Requirement ▸
Leaving out the pictures, return word for word the stretch of entries below from the line holding "Bravant les avertissements" through the line holding "Bàn ăn với chất".

Excerpted records ▸
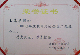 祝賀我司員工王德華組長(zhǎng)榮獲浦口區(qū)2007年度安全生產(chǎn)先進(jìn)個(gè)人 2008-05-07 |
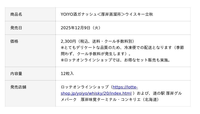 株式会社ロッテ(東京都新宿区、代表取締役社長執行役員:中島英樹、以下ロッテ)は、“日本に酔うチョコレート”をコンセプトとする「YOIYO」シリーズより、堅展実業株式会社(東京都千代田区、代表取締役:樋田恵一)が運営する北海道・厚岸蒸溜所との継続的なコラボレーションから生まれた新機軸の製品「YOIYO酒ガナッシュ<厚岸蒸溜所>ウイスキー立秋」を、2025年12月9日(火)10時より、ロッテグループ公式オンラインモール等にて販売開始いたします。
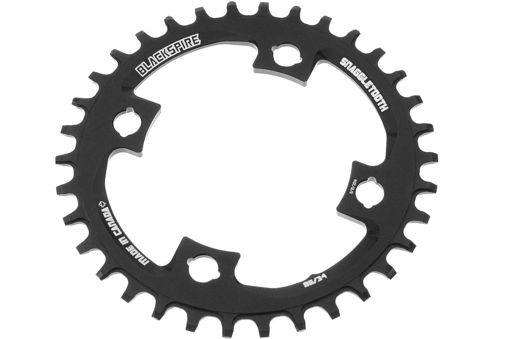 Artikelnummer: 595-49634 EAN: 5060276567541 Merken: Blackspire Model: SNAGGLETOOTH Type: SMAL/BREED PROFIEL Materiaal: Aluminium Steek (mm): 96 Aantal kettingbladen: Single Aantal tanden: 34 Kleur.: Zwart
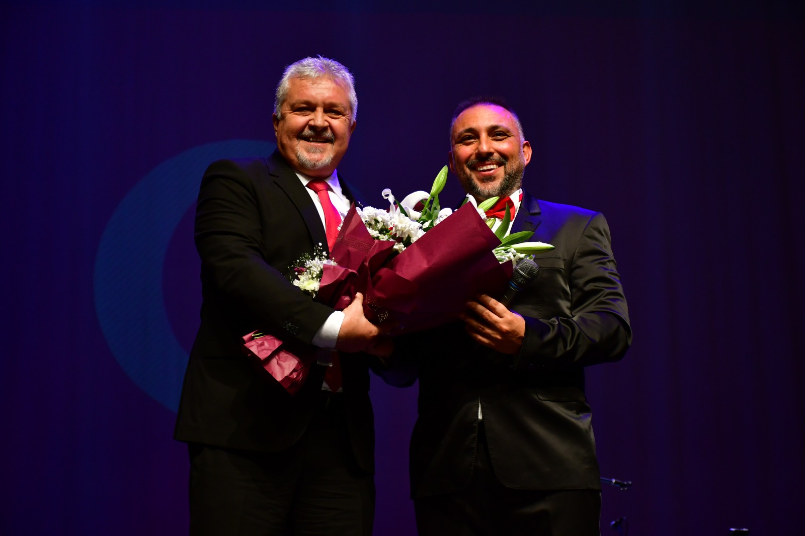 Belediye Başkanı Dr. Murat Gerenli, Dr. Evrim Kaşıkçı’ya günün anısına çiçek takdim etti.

==

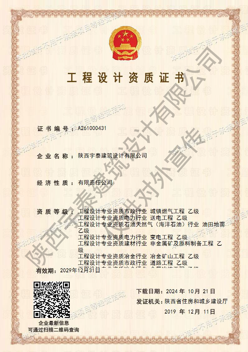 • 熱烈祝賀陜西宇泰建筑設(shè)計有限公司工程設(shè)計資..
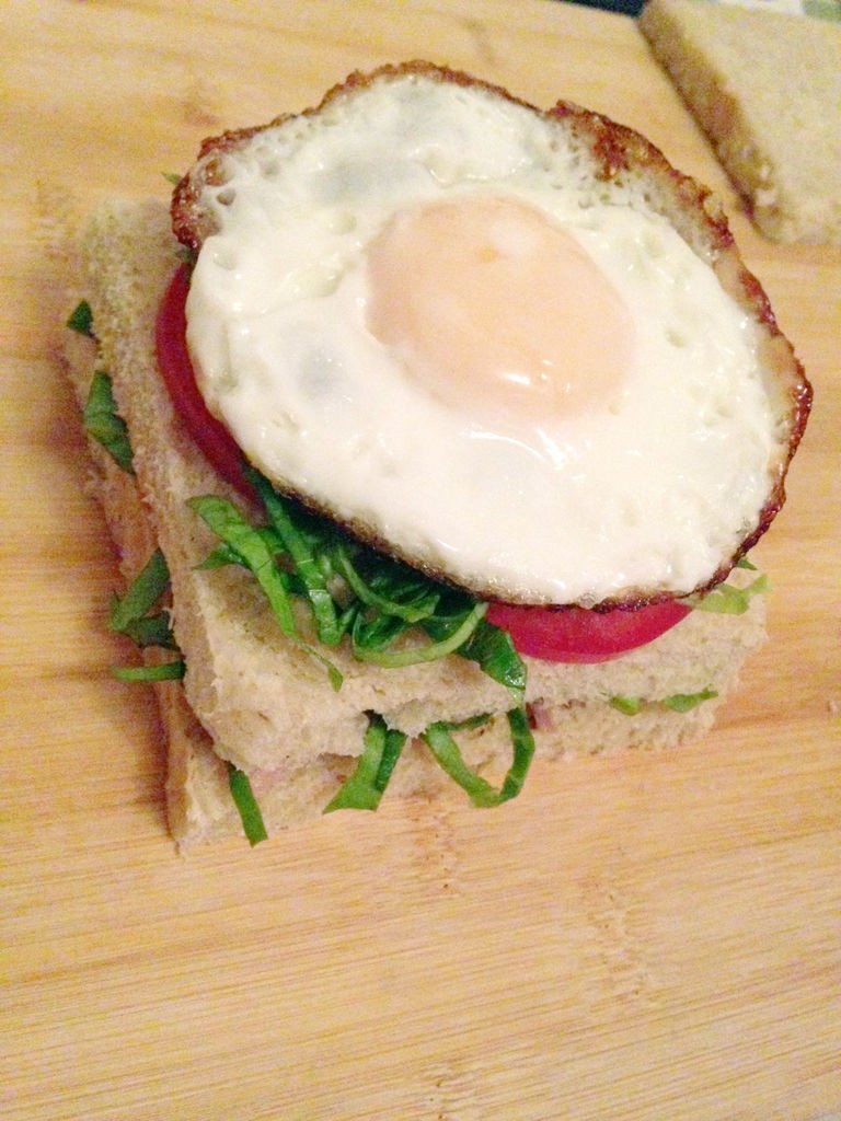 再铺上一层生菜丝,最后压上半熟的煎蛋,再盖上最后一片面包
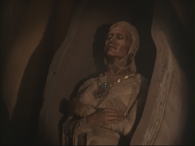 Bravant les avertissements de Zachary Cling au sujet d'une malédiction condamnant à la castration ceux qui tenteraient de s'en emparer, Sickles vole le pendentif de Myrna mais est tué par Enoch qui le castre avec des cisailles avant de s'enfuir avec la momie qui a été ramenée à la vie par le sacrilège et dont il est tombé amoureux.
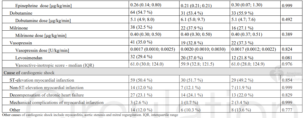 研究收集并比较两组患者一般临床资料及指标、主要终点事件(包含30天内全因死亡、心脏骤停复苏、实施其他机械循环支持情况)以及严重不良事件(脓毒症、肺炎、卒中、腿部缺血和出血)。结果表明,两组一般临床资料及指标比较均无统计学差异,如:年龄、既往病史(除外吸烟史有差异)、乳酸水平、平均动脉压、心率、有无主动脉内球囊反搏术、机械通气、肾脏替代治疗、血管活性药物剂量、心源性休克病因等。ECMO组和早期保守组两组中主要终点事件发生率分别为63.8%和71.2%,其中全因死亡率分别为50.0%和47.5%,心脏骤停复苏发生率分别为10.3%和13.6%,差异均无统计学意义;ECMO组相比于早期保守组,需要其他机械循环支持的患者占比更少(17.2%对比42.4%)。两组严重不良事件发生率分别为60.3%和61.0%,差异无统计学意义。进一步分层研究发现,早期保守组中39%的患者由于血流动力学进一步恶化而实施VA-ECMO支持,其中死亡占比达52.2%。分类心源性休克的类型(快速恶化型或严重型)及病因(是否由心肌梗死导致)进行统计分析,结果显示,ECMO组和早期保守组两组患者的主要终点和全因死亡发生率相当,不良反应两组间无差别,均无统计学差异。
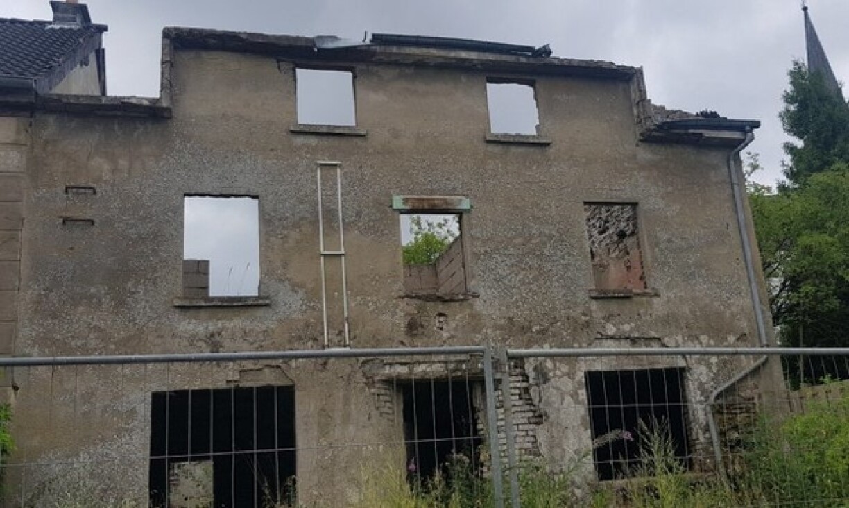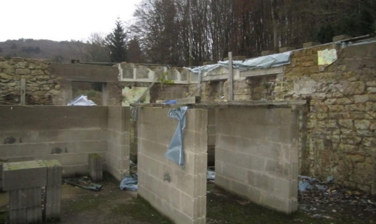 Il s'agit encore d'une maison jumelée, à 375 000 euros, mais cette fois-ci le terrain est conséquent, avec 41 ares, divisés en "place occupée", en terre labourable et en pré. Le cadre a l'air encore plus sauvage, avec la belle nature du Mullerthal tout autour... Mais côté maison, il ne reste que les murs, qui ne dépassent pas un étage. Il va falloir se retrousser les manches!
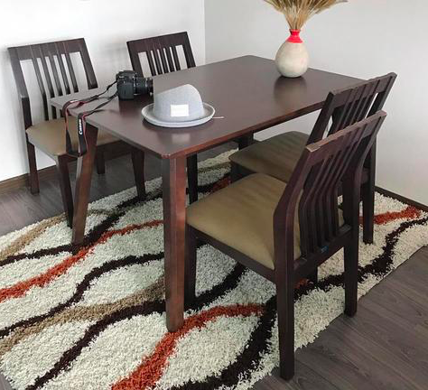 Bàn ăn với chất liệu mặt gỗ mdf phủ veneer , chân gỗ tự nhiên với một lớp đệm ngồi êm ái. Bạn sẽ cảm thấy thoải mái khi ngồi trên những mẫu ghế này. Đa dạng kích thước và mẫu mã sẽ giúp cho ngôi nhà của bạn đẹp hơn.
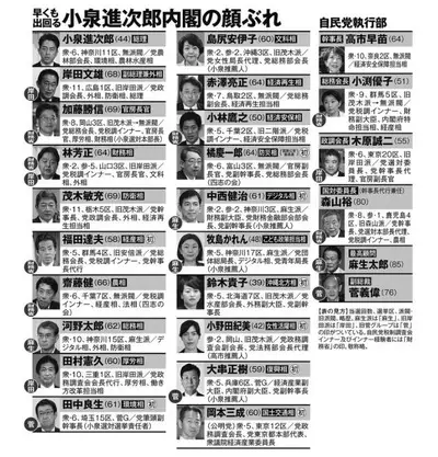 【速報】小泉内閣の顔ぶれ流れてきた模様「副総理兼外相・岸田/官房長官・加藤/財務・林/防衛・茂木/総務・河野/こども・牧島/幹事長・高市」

Exercise answer ▸
 Bravant les avertissements de Zachary Cling au sujet d'une malédiction condamnant à la castration ceux qui tenteraient de s'en emparer, Sickles vole le pendentif de Myrna mais est tué par Enoch qui le castre avec des cisailles avant de s'enfuir avec la momie qui a été ramenée à la vie par le sacrilège et dont il est tombé amoureux.
 研究收集并比较两组患者一般临床资料及指标、主要终点事件(包含30天内全因死亡、心脏骤停复苏、实施其他机械循环支持情况)以及严重不良事件(脓毒症、肺炎、卒中、腿部缺血和出血)。结果表明,两组一般临床资料及指标比较均无统计学差异,如:年龄、既往病史(除外吸烟史有差异)、乳酸水平、平均动脉压、心率、有无主动脉内球囊反搏术、机械通气、肾脏替代治疗、血管活性药物剂量、心源性休克病因等。ECMO组和早期保守组两组中主要终点事件发生率分别为63.8%和71.2%,其中全因死亡率分别为50.0%和47.5%,心脏骤停复苏发生率分别为10.3%和13.6%,差异均无统计学意义;ECMO组相比于早期保守组,需要其他机械循环支持的患者占比更少(17.2%对比42.4%)。两组严重不良事件发生率分别为60.3%和61.0%,差异无统计学意义。进一步分层研究发现,早期保守组中39%的患者由于血流动力学进一步恶化而实施VA-ECMO支持,其中死亡占比达52.2%。分类心源性休克的类型(快速恶化型或严重型)及病因(是否由心肌梗死导致)进行统计分析,结果显示,ECMO组和早期保守组两组患者的主要终点和全因死亡发生率相当,不良反应两组间无差别,均无统计学差异。
 Il s'agit encore d'une maison jumelée, à 375 000 euros, mais cette fois-ci le terrain est conséquent, avec 41 ares, divisés en "place occupée", en terre labourable et en pré. Le cadre a l'air encore plus sauvage, avec la belle nature du Mullerthal tout autour... Mais côté maison, il ne reste que les murs, qui ne dépassent pas un étage. Il va falloir se retrousser les manches!
 Bàn ăn với chất liệu mặt gỗ mdf phủ veneer , chân gỗ tự nhiên với một lớp đệm ngồi êm ái. Bạn sẽ cảm thấy thoải mái khi ngồi trên những mẫu ghế này. Đa dạng kích thước và mẫu mã sẽ giúp cho ngôi nhà của bạn đẹp hơn.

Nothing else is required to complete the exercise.